A federal judge cannot tell the CFP Board how to enforce its rules on how designation holders describe their compensation.
That's the upshot of U.S. District Judge Richard Leon's ruling throwing out a controversial lawsuit brought by two Florida financial planners against the Certified Financial Planner Board of Standards Inc. on July 6. On Tuesday,
Mr. Leon's decision was made public.
“The contractual relationship between CFPB and its certificants, such as plaintiffs here, permits CFPB to enforce the standards that it sets through certain disciplinary procedures,” Mr. Leon wrote. “In reviewing a disciplinary action by a private organization, courts do not 'second guess' the organization's interpretation of its own rules or its evaluation of the evidence.”
The
suit was filed in 2013 by Jeffrey and Kimberly Camarda, married financial planners who are managing members of Camarda Financial Advisors.
They accused the CFP Board of breach of contract, unfair competition and false advertising under the Lanham Act in relation to the CFP Board's bringing a disciplinary case against them for inappropriately calling themselves fee-only advisers.
The Camardas failed to make their case on each of their causes of action, according to Mr. Leon.
(More: "Camardas: None of the 70,000 CFPs are entitled to their day in court")
The CFP Board did not breach its contract with the Camardas because it “followed its own rules throughout the disciplinary proceedings” and did not act in bad faith or with ill will, Mr. Leon wrote.
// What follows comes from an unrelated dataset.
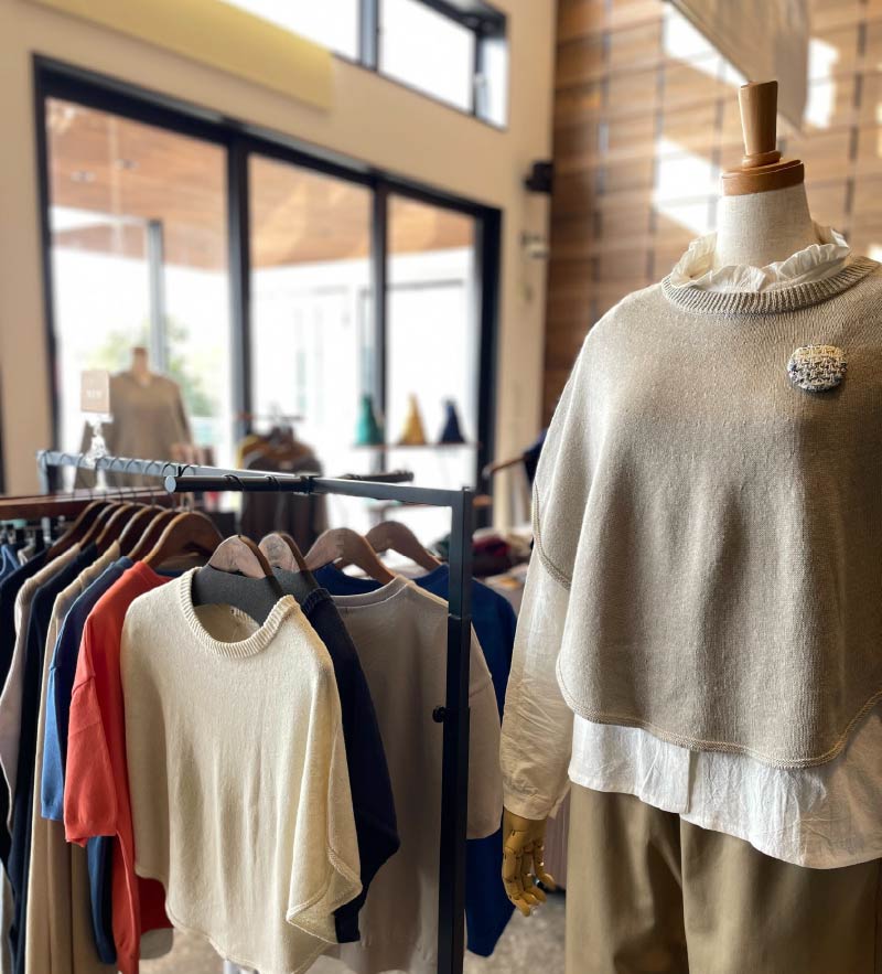 広々とした空間には、ニットポンチョ 「mino(みの)」 や、包み込む心地よさをテーマにした 「226(つつむ)」 のアイテムがずらり。

The CFP Board is a “standards-setting organization” rather than a competitor of the Camardas and “cannot be held liable for unfair competition,” Mr. Leon wrote.
Finally, Mr. Leon held that the CFP Board did not engage in false advertising, when it said it fairly enforces its rules.
“Put simply, section 43(a) of the Lanham Act was not meant to remedy plaintiffs, like those here, who are unhappy with the outcome of a disciplinary decision of a standards-setting organization,” Mr. Leon wrote.
The Camardas said the decision does not speak to the substance or validity of their case.
“The court may have ruled against us, but it was only due to a reading of the law that none of the more than 70,000 [CFP] certificants are entitled to their day in court if the CFP Board mistreats them during the CFP Board's self-administered internal proceedings or otherwise,” the Camardas said in a statement. “The fact still remains that we were very unfairly treated throughout the entire process, and no one outside of us and the board knows the details.”
The CFP Board said the decision fortifies its adjudication process and protects investors. CFP Board cases are brought before the Disciplinary and Ethics Commission, which is made up of CFPs.
(More: "CFP Board: Judge's ruling validates our rights to protect the public")
“This is a significant victory for CFP certification, for CFP Board and for CFP professionals,” CFP Board chairman Richard P. Rojeck said in a statement. “It affirms the integrity of the CFP certification and CFP Board's role as the standard-setting body for personal financial planners. CFP Board's peer-review disciplinary process is both fair and equitable and allows CFP professionals to determine when one of their peers has violated CFP Board's rules of conduct.”
The CFP Board brought a case against the Camardas in December 2011, holding that they represented themselves as fee-only advisers when an arm of their firm, Camarda Consultants, sells insurance for commissions.
Under CFP Board rules, advisers can claim fee-only status if they only charge fees for their services and are not affiliated with any entity that can charge commissions.
That definition has been the source of controversy for years. A former CFP Board chairman, Alan Goldfarb,
stepped down November 2012, as the board began an investigation into allegations that he mischaracterized his compensation on the Financial Planning Association website.
Mr. Goldfarb and other CFPs who have had run-ins with the CFP Board over compensation descriptions say that the organization's definition of fee-only is unclear. The label is valued by investment advisers because it is seen as indicating that the adviser will act in the client's best interests rather than be motivated by sales commissions.
As part of its effort to underscore its current compensation terms, the CFP Board
temporarily removed the fee-only description from its website in September 2013 and told the 8,000 CFPs using the label to reevaluate whether they complied with the CFP rules before resetting it on their profiles.